■ Information provided ■
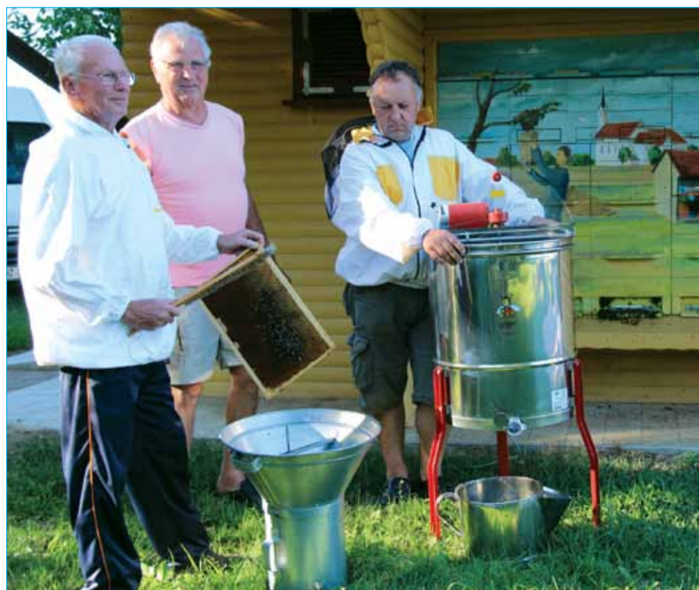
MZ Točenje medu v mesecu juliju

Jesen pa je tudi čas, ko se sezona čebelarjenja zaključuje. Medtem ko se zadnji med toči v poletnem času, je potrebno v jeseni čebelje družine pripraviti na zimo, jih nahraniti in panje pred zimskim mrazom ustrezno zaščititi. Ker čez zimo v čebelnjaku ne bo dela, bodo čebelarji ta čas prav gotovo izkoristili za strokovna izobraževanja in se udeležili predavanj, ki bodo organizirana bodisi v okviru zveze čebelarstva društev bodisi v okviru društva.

==

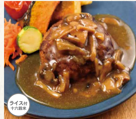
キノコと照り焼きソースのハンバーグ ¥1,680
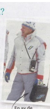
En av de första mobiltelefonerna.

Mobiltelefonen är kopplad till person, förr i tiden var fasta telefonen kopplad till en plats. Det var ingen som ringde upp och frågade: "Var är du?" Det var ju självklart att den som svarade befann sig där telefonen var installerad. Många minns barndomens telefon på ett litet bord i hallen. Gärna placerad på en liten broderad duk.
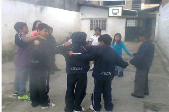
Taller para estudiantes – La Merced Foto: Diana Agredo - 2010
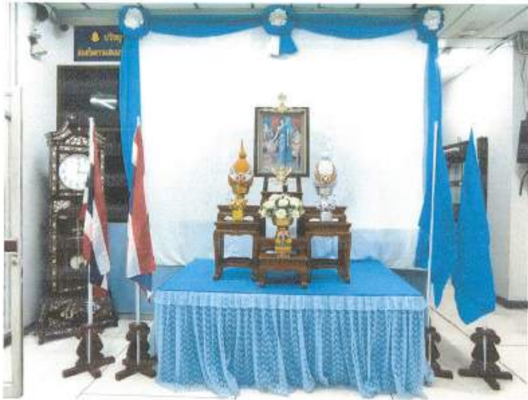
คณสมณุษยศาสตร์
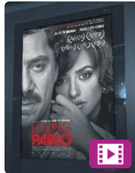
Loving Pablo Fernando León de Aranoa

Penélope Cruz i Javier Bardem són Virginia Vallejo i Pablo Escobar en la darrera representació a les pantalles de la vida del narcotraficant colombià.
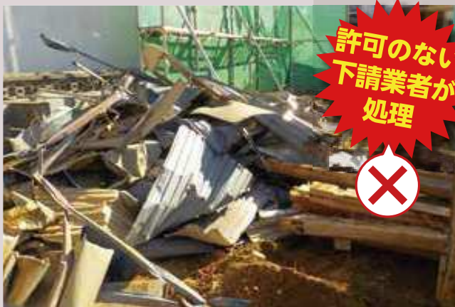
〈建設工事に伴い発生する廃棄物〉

==

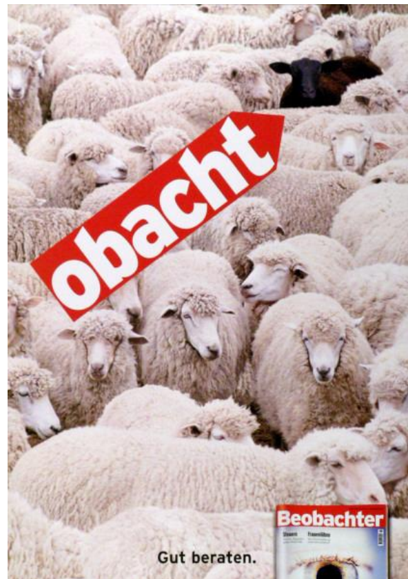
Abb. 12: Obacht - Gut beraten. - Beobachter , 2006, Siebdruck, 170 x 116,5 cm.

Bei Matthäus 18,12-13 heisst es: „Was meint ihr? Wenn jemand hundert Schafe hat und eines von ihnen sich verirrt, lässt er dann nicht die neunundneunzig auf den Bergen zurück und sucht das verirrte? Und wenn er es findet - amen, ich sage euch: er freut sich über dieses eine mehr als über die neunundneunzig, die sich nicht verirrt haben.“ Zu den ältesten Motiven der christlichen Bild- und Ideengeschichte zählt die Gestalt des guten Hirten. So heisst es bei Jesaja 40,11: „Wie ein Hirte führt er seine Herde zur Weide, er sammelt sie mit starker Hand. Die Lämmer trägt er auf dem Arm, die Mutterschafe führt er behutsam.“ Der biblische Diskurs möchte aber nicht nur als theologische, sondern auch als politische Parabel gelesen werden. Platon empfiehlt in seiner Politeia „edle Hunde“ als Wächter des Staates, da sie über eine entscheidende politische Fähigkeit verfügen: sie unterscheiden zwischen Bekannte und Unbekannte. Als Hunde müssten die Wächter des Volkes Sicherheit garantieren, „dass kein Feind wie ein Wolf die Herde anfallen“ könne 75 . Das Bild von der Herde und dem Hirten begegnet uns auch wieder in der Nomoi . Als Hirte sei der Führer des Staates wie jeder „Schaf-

■ The problem ■
Look above for the line holding "MZ Točenje medu v mesecu juliju" and the line holding "Jesen pa je". Retype both, and every line between them, word for word and nothing else.

■ Solution to the problem ■
MZ Točenje medu v mesecu juliju

Jesen pa je tudi čas, ko se sezona čebelarjenja zaključuje. Medtem ko se zadnji med toči v poletnem času, je potrebno v jeseni čebelje družine pripraviti na zimo, jih nahraniti in panje pred zimskim mrazom ustrezno zaščititi. Ker čez zimo v čebelnjaku ne bo dela, bodo čebelarji ta čas prav gotovo izkoristili za strokovna izobraževanja in se udeležili predavanj, ki bodo organizirana bodisi v okviru zveze čebelarstva društev bodisi v okviru društva.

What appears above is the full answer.